Let us generate nex=50 vector-valued sequences of length T=50; each vector has size O=2.
```O = 2;
T = 50;
nex = 50;
data = randn(O,T,nex);
```
Now let use fit a mixture of M=2 Gaussians for each of the Q=2 states using K-means.
```M = 2;
Q = 2;
left_right = 0;

prior0 = normalise(rand(Q,1));
transmat0 = mk_stochastic(rand(Q,Q));

[mu0, Sigma0] = mixgauss_init(Q*M, reshape(data, [O T*nex]), cov_type);
mu0 = reshape(mu0, [O Q M]);
Sigma0 = reshape(Sigma0, [O O Q M]);
mixmat0 = mk_stochastic(rand(Q,M));

```
Finally, let us improve these parameter estimates using EM.
```[LL, prior1, transmat1, mu1, Sigma1, mixmat1] = ...
mhmm_em(data, prior0, transmat0, mu0, Sigma0, mixmat0, 'max_iter', 2);
```
Since EM only finds a local optimum, good initialisation is crucial. The initialisation procedure illustrated above is very crude, and is probably not adequate for real applications... Click
here for a real-world example of EM with mixtures of Gaussians using BNT.

### What to do if the log-likelihood becomes positive?

It is possible for p(x) > 1 if p(x) is a probability density function, such as a Gaussian. (The requirements for a density are p(x)>0 for all x and int_x p(x) = 1.) In practice this usually means your covariance is shrinking to a point/delta function, so you should increase the width of the prior (see below), or constrain the matrix to be spherical or diagonal, or clamp it to a large fixed constant (not learn it at all). It is also very helpful to ensure the components of the data vectors have small and comparable magnitudes (use e.g., KPMstats/standardize).

This is a well-known pathology of maximum likelihood estimation for Gaussian mixtures: the global optimum may place one mixture component on a single data point, and give it 0 covariance, and hence infinite likelihood. One usually relies on the fact that EM cannot find the global optimum to avoid such pathologies.

### What to do if the log-likelihood decreases during EM?

Since I implicitly add a prior to every covariance matrix (see below), what increases is loglik + log(prior), but what I print is just loglik, which may occasionally decrease. This suggests that one of your mixture components is not getting enough data.
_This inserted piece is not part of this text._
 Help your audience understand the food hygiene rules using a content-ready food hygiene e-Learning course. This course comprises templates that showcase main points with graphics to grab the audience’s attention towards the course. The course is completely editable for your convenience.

Try a better initialization or fewer clusters (states).

### What to do if the covariance matrix becomes singular?

Estimates of the covariance matrix often become singular if you have too little data, or if too few points are assigned to a cluster center due to a bad initialization of the means. In this case, you should constrain the covariance to be spherical or diagonal, or adjust the prior (see below), or try a better initialization.

### How do I add a prior to the covariance matrix?
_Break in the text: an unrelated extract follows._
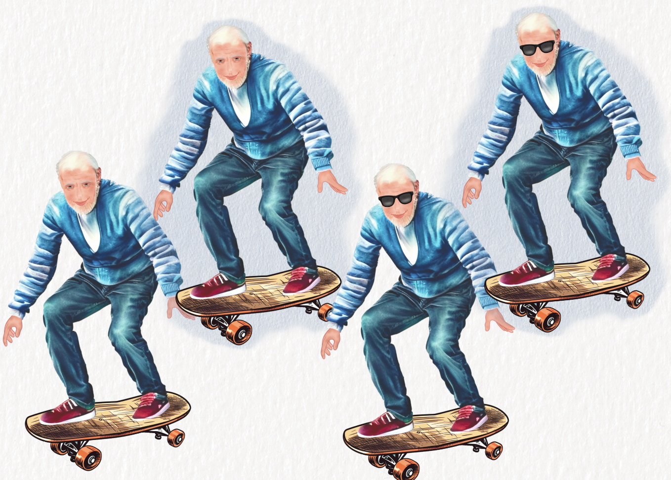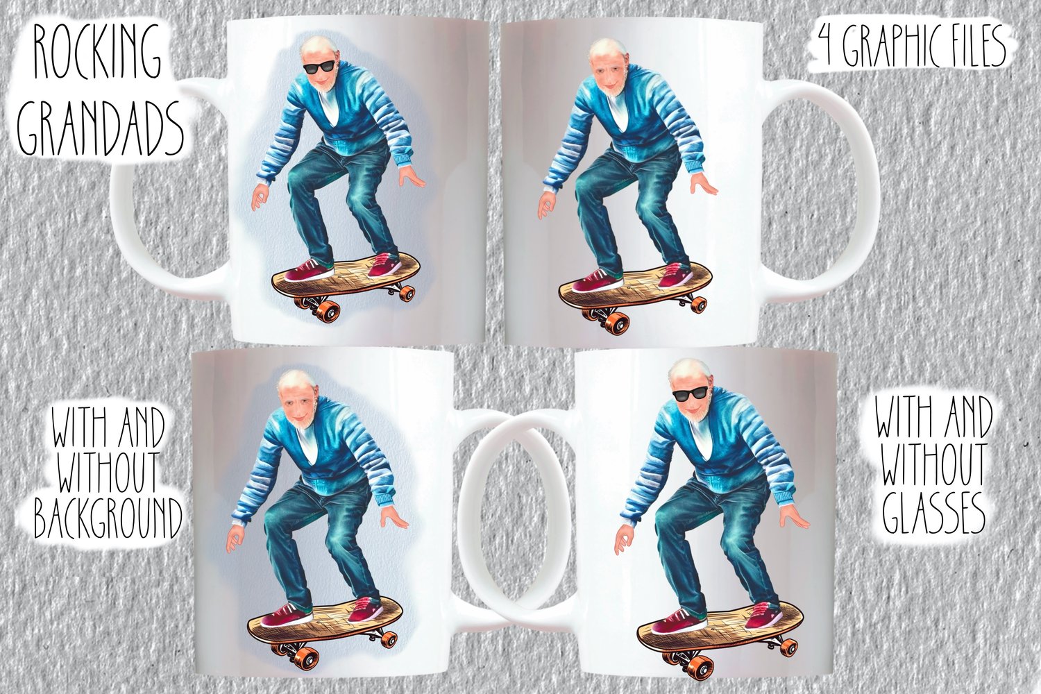 Skateboarding Grandad. 4 graphics plus 2 mock ups

Buried inside of KPMstats/mixgauss_Mstep you will see that cov_prior is initialized to 0.01*I. This is added to the maximum likelihood estimate after every M step. To change this, you will need to modify the mhmm_em function so it calls mixgauss_Mstep with a different value.
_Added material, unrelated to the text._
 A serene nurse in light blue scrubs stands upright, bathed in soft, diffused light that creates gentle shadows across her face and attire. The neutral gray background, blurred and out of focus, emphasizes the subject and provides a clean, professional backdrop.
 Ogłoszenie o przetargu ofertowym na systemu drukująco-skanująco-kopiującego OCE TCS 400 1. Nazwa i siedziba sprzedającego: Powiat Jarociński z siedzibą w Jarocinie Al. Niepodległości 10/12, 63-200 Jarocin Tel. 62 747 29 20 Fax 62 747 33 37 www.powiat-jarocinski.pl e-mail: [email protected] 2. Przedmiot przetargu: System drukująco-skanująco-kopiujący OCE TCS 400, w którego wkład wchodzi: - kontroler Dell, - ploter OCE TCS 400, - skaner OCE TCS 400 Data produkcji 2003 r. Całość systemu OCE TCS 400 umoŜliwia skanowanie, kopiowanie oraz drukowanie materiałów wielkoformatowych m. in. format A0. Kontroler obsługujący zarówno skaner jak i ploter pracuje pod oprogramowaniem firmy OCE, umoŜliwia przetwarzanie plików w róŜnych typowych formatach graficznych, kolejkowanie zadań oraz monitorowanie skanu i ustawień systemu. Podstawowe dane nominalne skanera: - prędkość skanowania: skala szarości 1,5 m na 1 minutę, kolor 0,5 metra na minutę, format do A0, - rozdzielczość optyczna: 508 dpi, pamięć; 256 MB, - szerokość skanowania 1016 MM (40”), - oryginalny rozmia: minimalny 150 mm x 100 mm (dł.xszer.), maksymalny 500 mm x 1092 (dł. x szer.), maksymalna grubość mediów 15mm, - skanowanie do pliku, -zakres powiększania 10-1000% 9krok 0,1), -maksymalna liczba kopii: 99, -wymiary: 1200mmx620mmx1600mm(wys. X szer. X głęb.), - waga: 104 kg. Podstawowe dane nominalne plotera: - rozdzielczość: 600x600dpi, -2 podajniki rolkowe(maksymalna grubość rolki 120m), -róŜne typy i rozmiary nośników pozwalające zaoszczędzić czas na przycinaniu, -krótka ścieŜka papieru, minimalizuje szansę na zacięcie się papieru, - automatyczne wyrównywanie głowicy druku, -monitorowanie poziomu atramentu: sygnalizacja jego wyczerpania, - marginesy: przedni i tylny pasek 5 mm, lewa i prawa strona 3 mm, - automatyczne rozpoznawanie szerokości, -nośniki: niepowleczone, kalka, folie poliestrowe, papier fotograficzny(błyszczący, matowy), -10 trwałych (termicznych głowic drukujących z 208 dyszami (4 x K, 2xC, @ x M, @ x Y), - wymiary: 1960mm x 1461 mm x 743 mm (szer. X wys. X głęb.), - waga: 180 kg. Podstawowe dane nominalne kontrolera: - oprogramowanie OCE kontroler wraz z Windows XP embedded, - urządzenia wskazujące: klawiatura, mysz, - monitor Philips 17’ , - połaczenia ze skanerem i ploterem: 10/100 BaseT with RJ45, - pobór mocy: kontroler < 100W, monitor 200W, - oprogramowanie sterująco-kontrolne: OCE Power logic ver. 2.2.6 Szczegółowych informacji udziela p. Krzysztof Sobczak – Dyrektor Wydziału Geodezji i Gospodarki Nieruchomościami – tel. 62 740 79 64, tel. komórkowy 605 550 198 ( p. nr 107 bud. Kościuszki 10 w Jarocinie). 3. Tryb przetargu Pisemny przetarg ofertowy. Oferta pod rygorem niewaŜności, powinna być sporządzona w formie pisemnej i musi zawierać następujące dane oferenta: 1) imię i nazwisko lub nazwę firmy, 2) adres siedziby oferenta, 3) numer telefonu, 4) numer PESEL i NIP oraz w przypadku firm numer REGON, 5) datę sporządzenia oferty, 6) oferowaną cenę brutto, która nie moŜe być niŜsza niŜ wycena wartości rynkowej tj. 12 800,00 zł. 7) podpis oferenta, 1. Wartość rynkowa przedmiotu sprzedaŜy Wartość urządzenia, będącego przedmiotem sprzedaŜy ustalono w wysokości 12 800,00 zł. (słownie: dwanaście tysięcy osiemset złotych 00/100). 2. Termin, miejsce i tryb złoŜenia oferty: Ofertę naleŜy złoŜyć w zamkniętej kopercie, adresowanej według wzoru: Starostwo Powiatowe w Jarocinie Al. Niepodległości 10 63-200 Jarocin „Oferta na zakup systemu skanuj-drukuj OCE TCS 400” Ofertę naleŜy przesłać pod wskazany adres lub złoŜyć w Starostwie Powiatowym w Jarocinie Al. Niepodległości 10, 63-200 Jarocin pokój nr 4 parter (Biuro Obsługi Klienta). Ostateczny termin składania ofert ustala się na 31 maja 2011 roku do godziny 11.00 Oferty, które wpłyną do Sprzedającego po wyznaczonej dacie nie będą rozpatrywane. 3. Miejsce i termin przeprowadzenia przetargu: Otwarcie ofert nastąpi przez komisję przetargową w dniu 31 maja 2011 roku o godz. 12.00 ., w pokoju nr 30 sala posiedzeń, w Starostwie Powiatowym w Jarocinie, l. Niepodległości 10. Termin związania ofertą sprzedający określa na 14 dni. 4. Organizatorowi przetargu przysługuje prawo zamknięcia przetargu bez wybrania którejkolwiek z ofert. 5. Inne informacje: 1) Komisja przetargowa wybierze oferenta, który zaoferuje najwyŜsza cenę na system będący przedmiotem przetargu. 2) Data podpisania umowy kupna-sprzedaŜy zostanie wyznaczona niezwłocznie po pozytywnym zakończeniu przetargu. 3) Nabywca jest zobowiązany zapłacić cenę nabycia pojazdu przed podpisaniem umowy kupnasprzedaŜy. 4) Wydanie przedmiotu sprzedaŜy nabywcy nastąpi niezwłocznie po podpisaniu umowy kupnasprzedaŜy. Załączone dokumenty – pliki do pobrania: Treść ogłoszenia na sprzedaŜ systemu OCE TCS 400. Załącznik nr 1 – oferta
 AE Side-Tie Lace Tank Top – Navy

### Sequence classification

To classify a sequence (e.g., of speech) into one of k classes (e.g., the digits 0-9), proceed as in the DHMM case above, but use the following procedure to compute likelihood:
```loglik = mhmm_logprob(data, prior, transmat, mu, Sigma, mixmat);
```

### Computing the most probable sequence (Viterbi)

First you need to evaluate B(t,i) = P(y_t | Q_t=i) for all t,i:
```B = mixgauss_prob(data(:,:,ex), mu, Sigma, mixmat);
```
where data(:,:,ex) is OxT where O is the size of the observation vector. Finally, use
```[path] = viterbi_path(prior, transmat, B);
```

## HMMs with Gaussian outputs

This is just like the mixture of Gaussians case, except we have M=1, and hence there is no mixing matrix.

## Online EM for discrete HMMs/ POMDPs

For some applications (e.g., reinforcement learning/ adaptive control), it is necessary to learn a model online. The script dhmm_em_online_demo gives an example of how to do this.